ABCDEF is a regular hexagon with centre O (in the following figure). If the area of triangle OAB is 9 cm2, find the area of : (i) the hexagon and (ii) the circle in which the haxagon is incribed.
We know that a regular hexagon is made up of 6 equilateral triangles.
We have given area of the one of the triangles.
$\therefore$ Area of the hexagon $=6 \times$ area of one equilateral triangle
$\therefore$ Area of the hexagon $=6 \times 9$
$\therefore$ Area of the hexagon $=54$
We know that if a regular hexagon is inscribed in the circle, then the radius of the circle is same as the side of the regular hexagon.
We also know that a regular hexagon is made up of 6 equilateral triangles and we have area of one of the equilateral triangle.
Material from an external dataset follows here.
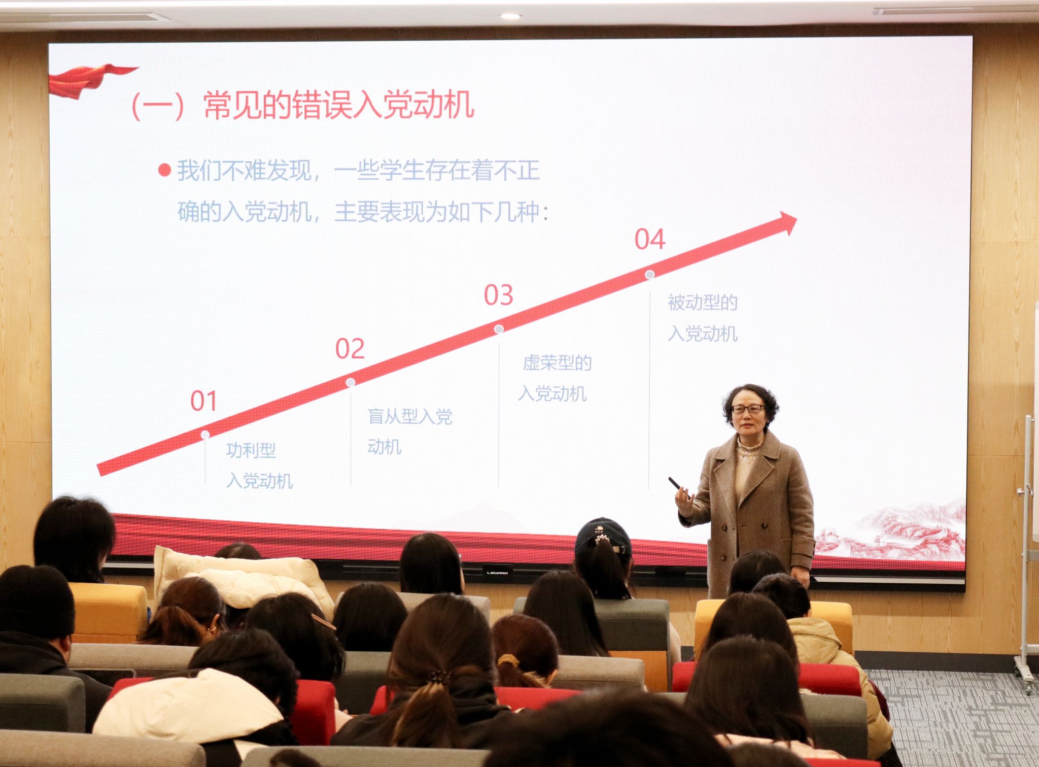 2025年12月12日,捷克论坛 在D2316教室举行第十期入党积极分子暨第七期大学生骨干培训班最后一讲。捷克论坛 原党委书记王静讲授“端正入党动机,争取早日加入党组织”专题党课。全体学员认真聆听。

$\therefore$ Area of the equilateral triangle $=\frac{\sqrt{3}}{4} \times$ side $^{2}$
Substituting the value of the given equilateral triangle we get,
$\therefore 9=\frac{\sqrt{3}}{4} \times$ side $^{2}$
$\therefore$ side $^{2}=\frac{9 \times 4}{\sqrt{3}}$
$\therefore \operatorname{side}^{2}=\frac{36}{\sqrt{3}}$
Now we will find the area of the circle.
$\therefore$ Area of the circle $=\pi r^{2}$
Substituting the values we get,
$\therefore$ Area of the circle $=\frac{22}{7} \times \frac{36}{\sqrt{3}}$
Now we will substitute $\sqrt{3}=1.732$ we get,
$\therefore$ Area of the circle $=\frac{22}{7} \times \frac{36}{1.732}$
$\therefore$ Area of the circle $=\frac{792}{12.124}$
$\therefore$ Area of the circle $=65.324$
Therefore, area of the hexagon and area of the circle are $54 \mathrm{~cm}^{2}$ and $65.324 \mathrm{~cm}^{2}$ respectively.